_TASK TO COMPLETE:_ The copy should run from the line containing "Nach oben hin" through the last line of the entries below, exactly as written, with pictures omitted.

_RECORDS FOR THIS EXERCISE:_
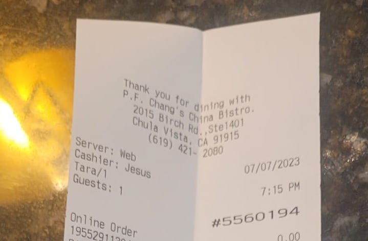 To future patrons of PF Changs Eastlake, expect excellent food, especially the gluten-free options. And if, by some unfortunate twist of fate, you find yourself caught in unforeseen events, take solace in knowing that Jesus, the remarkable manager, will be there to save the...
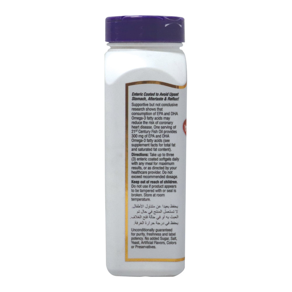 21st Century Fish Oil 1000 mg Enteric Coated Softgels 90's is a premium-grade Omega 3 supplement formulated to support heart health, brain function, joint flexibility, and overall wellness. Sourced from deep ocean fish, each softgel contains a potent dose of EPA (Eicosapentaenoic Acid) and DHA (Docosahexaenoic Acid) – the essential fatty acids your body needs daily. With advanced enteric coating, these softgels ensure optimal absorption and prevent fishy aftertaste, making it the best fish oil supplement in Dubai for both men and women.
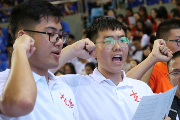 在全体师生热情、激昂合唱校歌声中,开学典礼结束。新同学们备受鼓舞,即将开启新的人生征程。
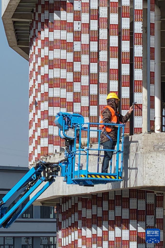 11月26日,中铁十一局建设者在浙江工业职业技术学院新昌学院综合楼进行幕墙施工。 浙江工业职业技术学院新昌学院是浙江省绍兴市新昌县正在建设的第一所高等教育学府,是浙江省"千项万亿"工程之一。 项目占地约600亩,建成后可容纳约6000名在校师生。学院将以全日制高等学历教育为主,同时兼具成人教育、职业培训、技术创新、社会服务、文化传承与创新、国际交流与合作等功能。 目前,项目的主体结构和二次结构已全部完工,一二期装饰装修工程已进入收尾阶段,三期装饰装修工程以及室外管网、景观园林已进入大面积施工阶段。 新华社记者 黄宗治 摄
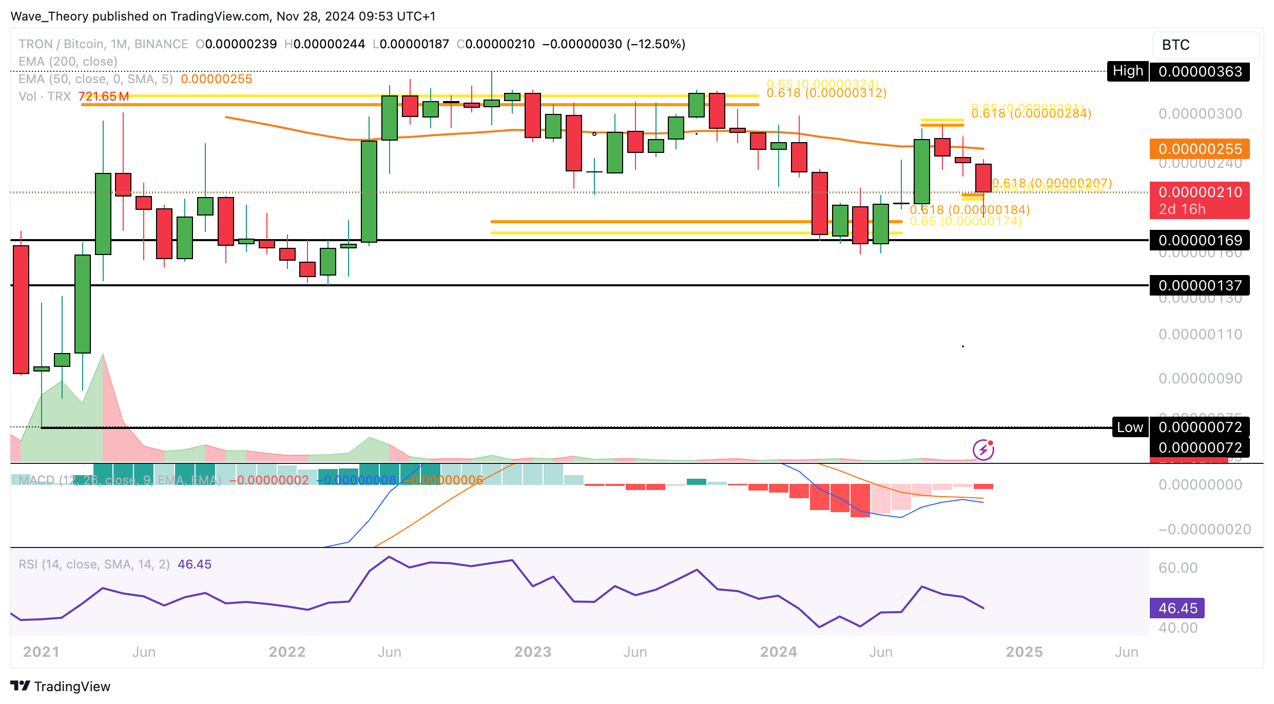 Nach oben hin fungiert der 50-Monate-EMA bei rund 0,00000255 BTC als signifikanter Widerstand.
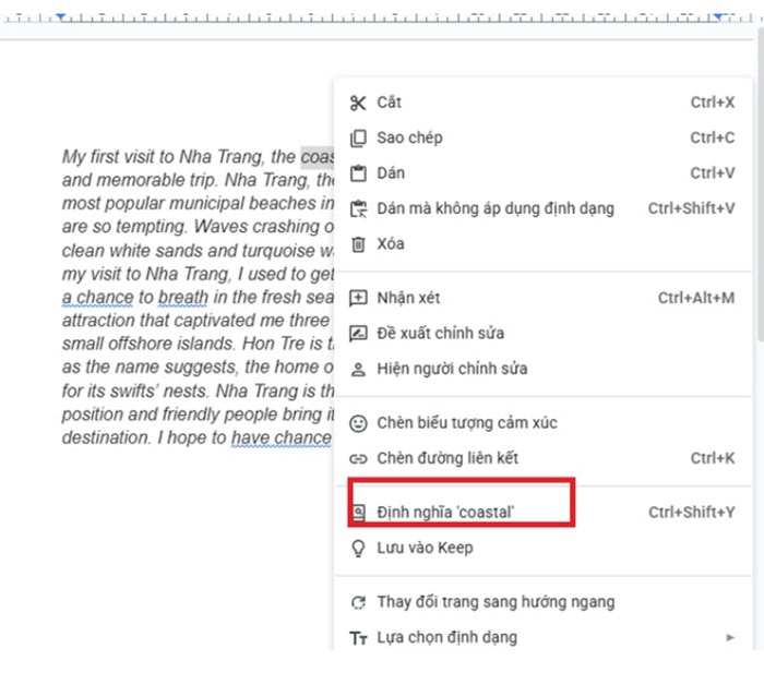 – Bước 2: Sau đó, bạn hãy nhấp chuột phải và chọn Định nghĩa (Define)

_SOLUTION FOR THIS EXERCISE:_
 Nach oben hin fungiert der 50-Monate-EMA bei rund 0,00000255 BTC als signifikanter Widerstand.
 – Bước 2: Sau đó, bạn hãy nhấp chuột phải và chọn Định nghĩa (Define)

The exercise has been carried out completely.